If I can get it cleaned up, I’ll probably throw a copy up here at some point, though so far I’m still iterating on it a good bit as I go through my old list of movies I watched and fill in their details. I started keeping a list at some point last year, and that was title-only, so it’s been a lot of searching, figuring out which was the movie I actually watched, trying to remember enough to give it a rating.

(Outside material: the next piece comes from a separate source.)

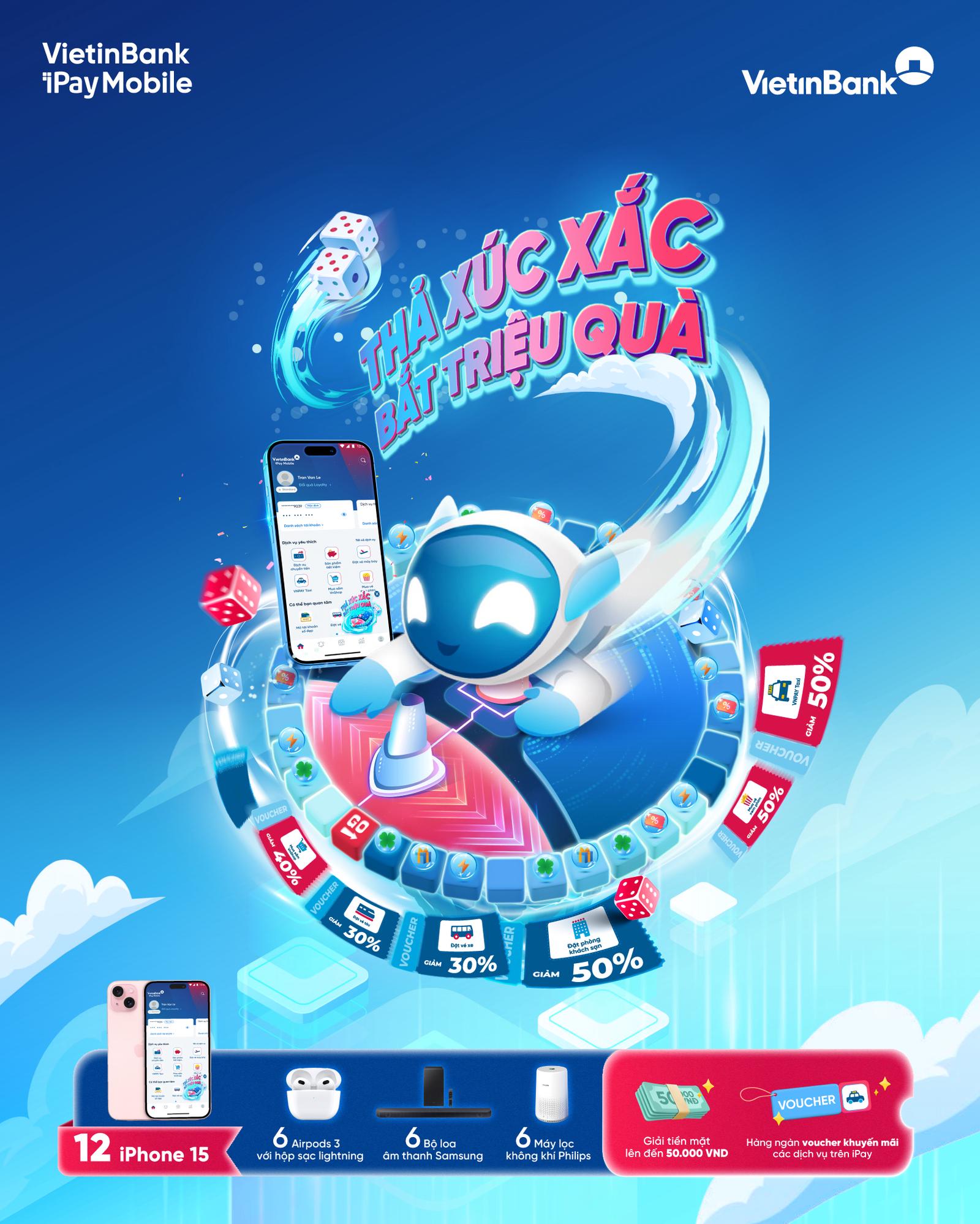 Cơ hội trúng iPhone 15, AirPods 3, bộ loa Samsung… miễn phí cùng hàng ngàn phần thưởng có giá trị trên VietinBank iPay Mobile.

But the main goal is that if I decide I need a list of something, I can copy the file over, throw a schema together, and start making the list in a way that lets me update it or review it better than a text file and not requiring the ugliness of a spreadsheet. Like when I kept a list of the legislators who objected on 6 January 2021, that’s just a text file. Next time it could be a nice little application that makes the task not necessarily easier, but more useful:

  1. Get a text list of the things
  2. Some light massaging to turn it into JSON
  3. Write a quick schema
  4. Import the data
  5. Fill in any details, be able to filter, sort, search easily.

I can only imagine what data wrangling looks like in 100 years. I hope by then it’s all AI user interfaces that look pretty are functional no friction. Until then, this project has reminded me how powerful, how versatile, and above all how fairly simple, HTML plus Javascript has gotten.